Problem description:
Your answer should be only the lines below from the one with "電解槽維護(hù)改造項目有" to the one with "ニセコの有名ピッツァテリア『", repeated exactly, ends included.

Task input:
● ● ●
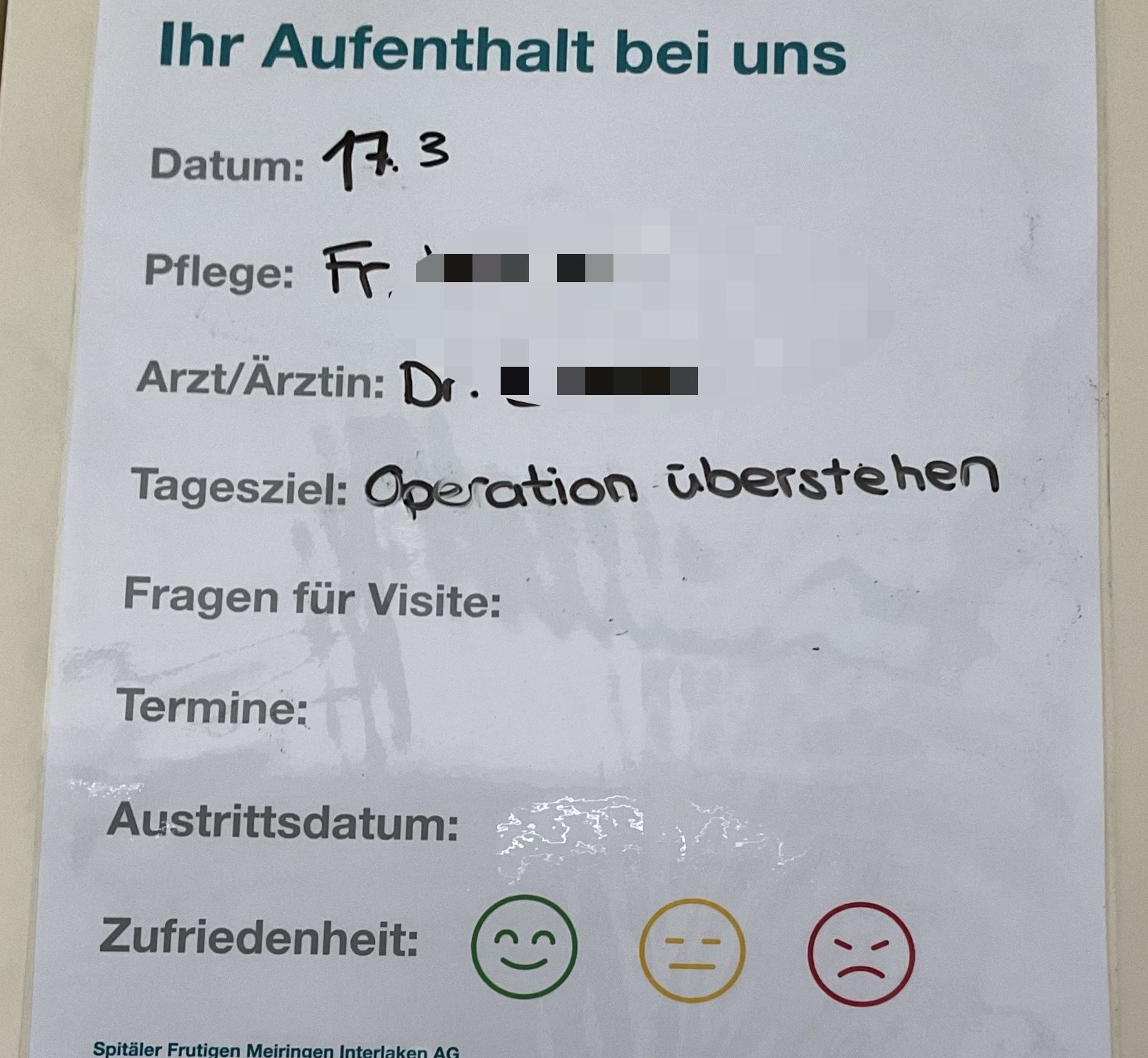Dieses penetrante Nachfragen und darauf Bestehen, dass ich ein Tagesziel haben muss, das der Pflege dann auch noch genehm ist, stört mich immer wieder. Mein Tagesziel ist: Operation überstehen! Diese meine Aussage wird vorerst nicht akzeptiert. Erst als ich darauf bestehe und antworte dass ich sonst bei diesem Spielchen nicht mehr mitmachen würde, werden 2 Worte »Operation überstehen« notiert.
● ● ●
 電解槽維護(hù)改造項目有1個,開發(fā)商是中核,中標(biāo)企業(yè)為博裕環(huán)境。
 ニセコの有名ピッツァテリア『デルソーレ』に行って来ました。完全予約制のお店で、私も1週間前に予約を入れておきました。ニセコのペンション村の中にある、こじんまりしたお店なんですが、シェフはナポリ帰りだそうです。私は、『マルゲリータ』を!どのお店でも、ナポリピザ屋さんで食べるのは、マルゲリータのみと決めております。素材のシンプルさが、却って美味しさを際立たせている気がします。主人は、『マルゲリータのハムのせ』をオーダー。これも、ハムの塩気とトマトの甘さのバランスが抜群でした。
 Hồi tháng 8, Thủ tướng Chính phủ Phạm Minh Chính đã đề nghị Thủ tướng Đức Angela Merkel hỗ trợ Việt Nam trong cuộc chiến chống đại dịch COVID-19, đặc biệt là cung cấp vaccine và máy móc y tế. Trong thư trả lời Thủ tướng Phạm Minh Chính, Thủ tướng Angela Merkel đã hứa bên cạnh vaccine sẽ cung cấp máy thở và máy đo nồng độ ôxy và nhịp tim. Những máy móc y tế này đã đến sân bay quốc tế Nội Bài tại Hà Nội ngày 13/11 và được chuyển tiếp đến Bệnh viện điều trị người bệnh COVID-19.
● ● ●
Written solution:
 電解槽維護(hù)改造項目有1個,開發(fā)商是中核,中標(biāo)企業(yè)為博裕環(huán)境。
 ニセコの有名ピッツァテリア『デルソーレ』に行って来ました。完全予約制のお店で、私も1週間前に予約を入れておきました。ニセコのペンション村の中にある、こじんまりしたお店なんですが、シェフはナポリ帰りだそうです。私は、『マルゲリータ』を!どのお店でも、ナポリピザ屋さんで食べるのは、マルゲリータのみと決めております。素材のシンプルさが、却って美味しさを際立たせている気がします。主人は、『マルゲリータのハムのせ』をオーダー。これも、ハムの塩気とトマトの甘さのバランスが抜群でした。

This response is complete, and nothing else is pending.